# How do I get over the fear of hurting my buns/animals in general?



## rpuckett (Jul 16, 2015)

I have always been around animals, and been the person people call on when they need help training a dog, catching a stray, or really any sort of situation. I have been helping my mother in law with her dog, who has a myriad of behavior issues as far as training and diet. My MIL is in poor health so I have also been periodically bathing and going running with the dog just to help out. Recently she asked me to cut his toenails as they are quite overgrown. It was definitely not my first rodeo as I cut rabbit nails all the time with no problems, and at least somewhat regularly help others in nail trimming for dogs/rabbits/things with nails. She bought a nice pair of nail clippers with a safety guard and everything. So it took me and two other people, the dog on a leash and restrained to even get a hold of his feet to see what was going on. Which is an improvement because he used to snap at you if you touched his feet at all. Anyways, I digress; I was able to trim a bit off of each nail on the front feet, but when I got to the back foot, things went to h***. I snipped a bit off on the nail and the dog cries out, my MIL freaks out, the dog starts bleeding from the nail (It wasn't gushing, but you know nails can bleed a good amount if you hit the quick). And I am keeping it together on the outside, but now I am freaking out too. The general consensus from the family becomes that I must not really know that much about animals, even after I explain that if the nail is overgrown sometimes the quick is out of place in the nail. The dog is fine of course, quickly forgets about it and stops bleeding. 
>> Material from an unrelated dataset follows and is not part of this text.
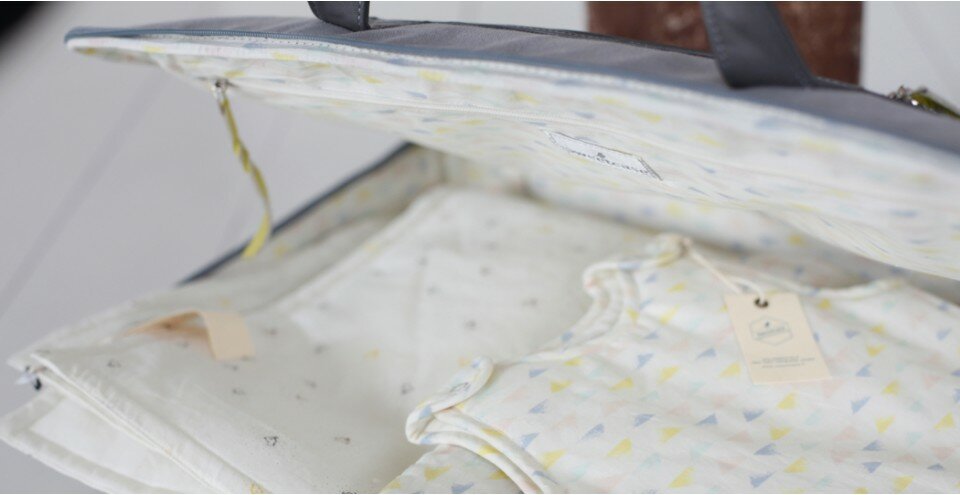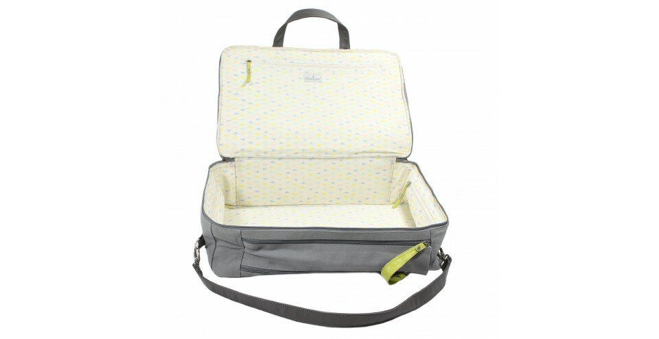 L'ouverture sur le dessus de la valise a été pensée pour un accès facile et rapide à la première tenue de bébé dans la salle de naissance, impossible de se tromper !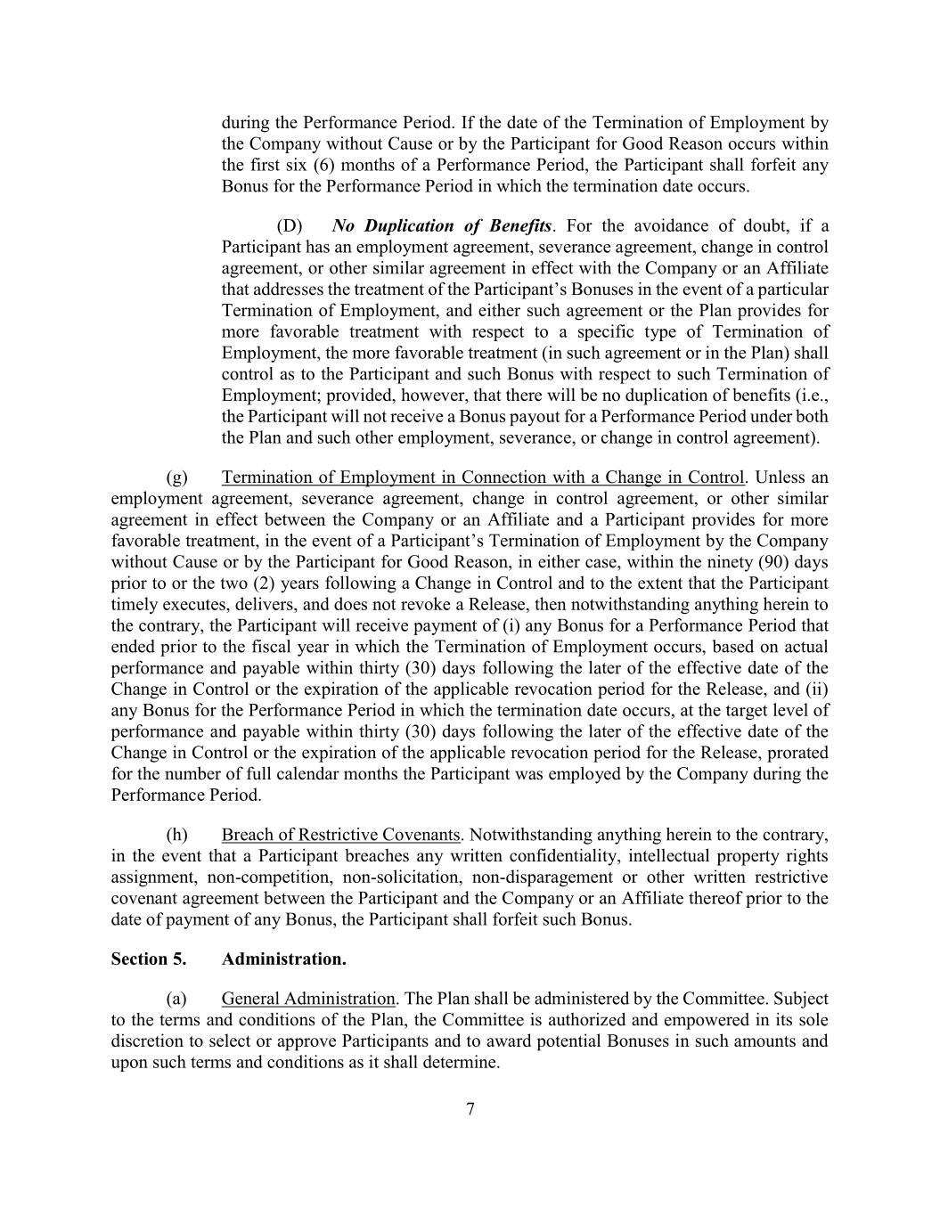 during the Performance Period. If the date of the Termination of Employment by the Company without Cause or by the Participant for Good Reason occurs within the first six (6) months of a Performance Period, the Participant shall forfeit any Bonus for the Performance Period in which the termination date occurs. (D) No Duplication of Benefits. For the avoidance of doubt, if a Participant has an employment agreement, severance agreement, change in control agreement, or other similar agreement in effect with the Company or an Affiliate that addresses the treatment of the Participant’s Bonuses in the event of a particular Termination of Employment, and either such agreement or the Plan provides for more favorable treatment with respect to a specific type of Termination of Employment, the more favorable treatment (in such agreement or in the Plan) shall control as to the Participant and such Bonus with respect to such Termination of Employment; provided, however, that there will be no duplication of benefits (i.e., the Participant will not receive a Bonus payout for a Performance Period under both the Plan and such other employment, severance, or change in control agreement). (g) Termination of Employment in Connection with a Change in Control. Unless an employment agreement, severance agreement, change in control agreement, or other similar agreement in effect between the Company or an Affiliate and a Participant provides for more favorable treatment, in the event of a Participant’s Termination of Employment by the Company without Cause or by the Participant for Good Reason, in either case, within the ninety (90) days prior to or the two (2) years following a Change in Control and to the extent that the Participant timely executes, delivers, and does not revoke a Release, then notwithstanding anything herein to the contrary, the Participant will receive payment of (i) any Bonus for a Performance Period that ended prior to the fiscal year in which the Termination of Employment occurs, based on actual performance and payable within thirty (30) days following the later of the effective date of the Change in Control or the expiration of the applicable revocation period for the Release, and (ii) any Bonus for the Performance Period in which the termination date occurs, at the target level of performance and payable within thirty (30) days following the later of the effective date of the Change in Control or the expiration of the applicable revocation period for the Release, prorated for the number of full calendar months the Participant was employed by the Company during the Performance Period. (h) Breach of Restrictive Covenants. Notwithstanding anything herein to the contrary, in the event that a Participant breaches any written confidentiality, intellectual property rights assignment, non-competition, non-solicitation, non-disparagement or other written restrictive covenant agreement between the Participant and the Company or an Affiliate thereof prior to the date of payment of any Bonus, the Participant shall forfeit such Bonus. Section 5. Administration. (a) General Administration. The Plan shall be administered by the Committee. Subject to the terms and conditions of the Plan, the Committee is authorized and empowered in its sole discretion to select or approve Participants and to award potential Bonuses in such amounts and upon such terms and conditions as it shall determine. 7

That story is all well and good, but now I am so scared to cut my buns nails. I keep overthinking about the dog, and how I felt confident in what I was doing and hurt him (even if it was just for a minute/something minor.) And now the rabbits are a bit overgrown and it is just getting worse, because the longer they get, the more afraid I am going to hurt them. It seems so dumb even just typing it out. I have been cutting their nails for 5 years, and trimming rabbit (and dog) nails for years before that. Why did this shake me up so bad, and how can I overcome it so that my buns don't have to live with long uncomfy nails? Also, someone else tell me their stories so I don't feel completely insane about all this.


----------



## BrokenMermaid (Jul 16, 2015)

You're not insane! I too am one of those animal people. If people need help with an animal, they know they can count on me. It can be a pet, a wild critter, or even a scary animal that nobody is sure what to do about. I have rehabbed squirrels, birds and rabbits that are wild and often want nothing to do with me. I have endured snake bites and had a decent chunk taken out of my cheek by my parrot brother. I _still_ get nervous about clipping certain animals nails. My sugar gliders specifically have really tiny nails and one of them always get very freaked out by the whole thing, and her nerves totally make me nervous. And you're right, when you do accidently cut the quick, which often happens on an animal who hasn't had their nails done regularly because the quick does move, even though you know they'll be fine it's still nerve wrecking! It's hard to come back with confidence but remembering that you are capable is really the key. Accidents happen, even with the most practiced people, and it doesn't mean you don't know what you're doing. My rabbit used to wait until the last second and then move his paw, even though I knew he would do it I still cut too short a few times. I told myself that each time was a lesson, and it was definitely better than him having overgrown and hurtful nails. I knew that I loved him and I had faith that I could use that love to do what was needed. I didn't do it around anyone who would say criticisms to diminish my confidence. I always took calming breaths and focused before approaching him, and kept Quick Stop Powder near by (it's a powder which can be used to stop the bleeding quickly). I still use these same steps with my gliders, who are now much better than they used to be. Once you do it you realize it wasn't really as bad as you feared, and it gets easier and easier. Don't feel bad that this got to you, we don't really control what does or does not affect us, or even know why, you're still a caring person who is good with animals, you're just a little shaken.


----------



## Azerane (Jul 17, 2015)

You can also use the "squeeze, squeeze, clip" technique. Which is basically positioning the clippers, and giving the nail two squeezes without cutting the nail, if you're badly positioned over the quick, your bunnies will react from the pressure to the area and draw their paw back. This means you can reposition (there'll be a slight mark from where you squeezed the nail so can move in front of that), then you squeeze again to check and if they don't withdraw you can clip the nail.


----------



## Nancy McClelland (Jul 20, 2015)

:yeahthat:


----------



## stevesmum (Jul 20, 2015)

We've all done it, don't beat yourself up about it. You were trying to help. And be sure to tell your family that they can surely handle it on their own from now on if that's their consensus!


----------



## rpuckett (Jul 26, 2015)

Thanks you guys, that does make me feel a lot better. And I will definitely be adding the squeeze, squeeze clip method going forward, especially on the bun that has dark nails. I had never heard of that before, but it does make total sense. You guys all rock!


----------